In connection with the Merger, GSBD adopted an amended and restated certificate of incorporation (the “GSBD Charter Amendment”) that became effective upon the closing of the Merger that will generally restrict all stockholders who received shares of GSBD Common Stock in the Merger (the “Affected Stockholders”) from transferring their respective shares of GSBD Common Stock for at least 90 days following the date of the closing of the Merger (the “Closing Date”), subject to a modified lock-up schedule thereafter (lock-up restrictions on 1/3 of the Affected Stockholders’ shares will lapse after 90 days from the Closing Date, lock-up restrictions on an additional 1/3 of the Affected Stockholders’ shares will lapse after 180 days from the Closing Date, and lock-up restrictions on the remaining 1/3 of the Affected Stockholders’ shares will lapse after 270 days from the Closing Date).

 

Item 7.01

Regulation FD Disclosure.

On October 12, 2020, GSBD issued a press release announcing, among other things, the completion of the Merger. A copy of this press release is attached hereto as Exhibit 99.1.

The information in Item 7.01 of this Current Report on Form 8-K (this “Report”), including Exhibit 99.1 furnished herewith, is being furnished and shall not be deemed “filed” for any purpose of Section 18 of the Securities Exchange Act of 1934, as amended (the “Exchange Act”), or otherwise subject to the liabilities of such Section. The information in this Report shall not be deemed to be incorporated by reference into any filing under the Securities Act of 1933, as amended, or the Exchange Act, except as shall be expressly set forth by specific reference in such filing.

A copy of the press release is filed as Exhibit 99.1 hereto and is incorporated herein by reference.

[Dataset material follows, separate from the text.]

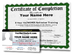 Una vez completado el curso, usted será inmediatamente será capaz de descargar, guardar o imprimir su certificado del curso que se proporciona en formato PDF. También ofrecemos la opción de enviar por correo una tarjeta de identificación de la carpeta del estilo de tarjeta de crédito de PVC, con la foto opcional, que muestra la finalización del curso de formación. Si se selecciona durante la inscripción, esta opción tarjeta de identificación tiene un costo adicional de $5.00, y la tarjeta será enviado dentro de las 24 horas de la finalización del curso.

FORWARD-LOOKING STATEMENTS

This Report may contain “forward-looking statements” within the meaning of the Private Securities Litigation Reform Act of 1995. Statements other than statements of historical facts included in this Report may constitute forward-looking statements and are not guarantees of future performance or results of GSBD and involve a number of risks and uncertainties. Such forward-looking statements may include statements preceded by, followed by or that otherwise include the words “may,” “might,” “will,” “intend,” “should,” “could,” “can,” “would,” “expect,” “believe,” “estimate,” “anticipate,” “predict,” “potential,” “plan” or similar words. Actual results may differ materially from those in the forward-looking statements as a result of a number of factors, including those described from time to time in filings made by GSBD with the SEC. Certain factors could cause actual results to differ materially from those projected in these forward-looking statements. Factors that could cause actual results to differ materially include: the ability to realize the anticipated benefits of the Merger, effects of disruption on the business of GSBD from the Merger, the effect that the announcement or consummation of the Merger may have on the trading price of GSBD Common Stock on the New York Stock Exchange; GSBD’s plans, expectations, objectives and intentions as a result of the Merger, future operating results of GSBD, the business prospects of GSBD and the prospects of its portfolio companies, actual and potential conflicts of interests with GSAM and other affiliates of Goldman Sachs, general economic and political trends and other factors, the dependence of GSBD’s future success on the general economy and its effect on the industries in which they invest; and future changes in laws or regulations and interpretations thereof. GSBD undertakes any duty to update any forward-looking statement made herein. All forward-looking statements speak only as of the date of this Report.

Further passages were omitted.